In a Hawkes process, the conditional intensity function at any given time $t$
(\emph{i.e} the instantaneous probability of occurrence of an event) can be
written as the sum of a constant exogenous intensity and endogenous
time-varying intensities for the events preceding time $t$.

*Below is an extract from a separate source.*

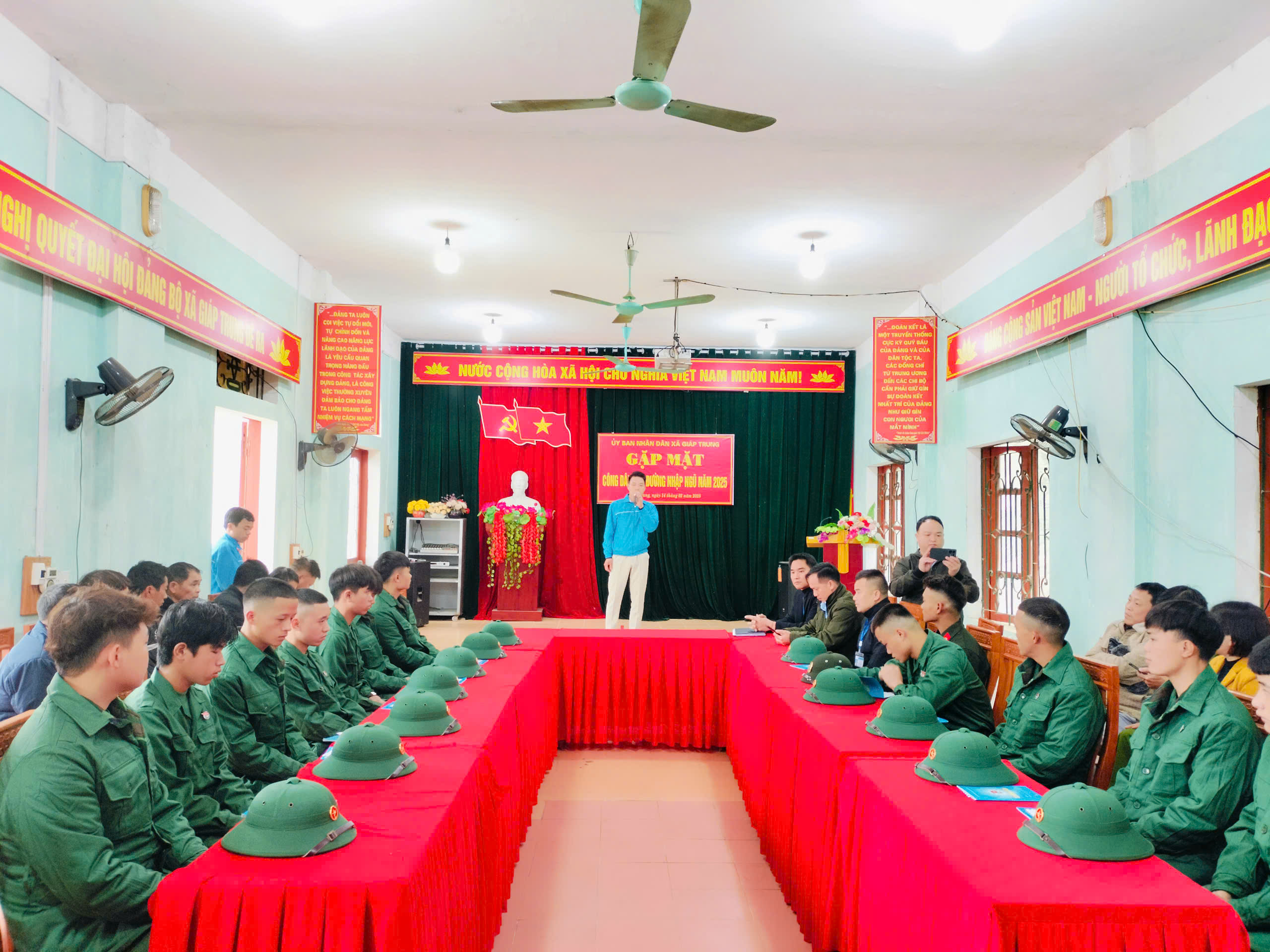 Sáng ngày 14/02/2025 UBND xã Giáp Trung tổ chức gặp mặt tân binh lên đường nhập ngũ năm 2025. tới dự với buổi lễ về phía huyện có đồng chí Ma Văn Tỏe ủy viên ban thường vụ huyện ủy, phó chủ tịch UBND huyện, tổ trưởng tổ công tác, về phía xã còn có thường trực Đảng ủy-HĐND-UBND, UBMTTQ các ban ngành của xã Giáp Trun; các tân binh và thân nhân gia đình.

Formally, for a $D$ dimensional Hawkes process, let us introduce the set of
events $\{(t_i, k_i)\}_{1\leq i \leq N}$ where $t_i$ denotes the time of event
$i$ and $k_i$ the dimension (or coordinate) on which it occurs. The conditional
intensity function is defined as follows:
\begin{equation}
\label{eq:hawkes}
\lambda_k(t) = \mu_k + \sum_{i=1}^N \phi_{k_i, k}(t-t_i),
\quad 1\leq k\leq D
\end{equation}
where $M = (\mu_k)_{1\leq k\leq D}$ is the vector of exogenous intensities and
the functions $\Phi = (\phi_{i,j})_{1\leq i, j\leq D}$ is the matrix of kernel
functions (also known as exciting functions). For a pair of coordinates $(i,
j)$, $\phi_{i,j}$ models the temporal variations of the influence of coordinate
$i$ over coordinate $j$. The kernel functions are \emph{(i)} positive:
$\phi_{i,j}(t)\geq 0$ and \emph{(ii)} causal: $\phi_{i,j}(t) = 0$ whenever
$t<0$. In particular, this implies that the summation in \eqref{eq:hawkes}
is only over the indices $i$ such that $t_i< t$.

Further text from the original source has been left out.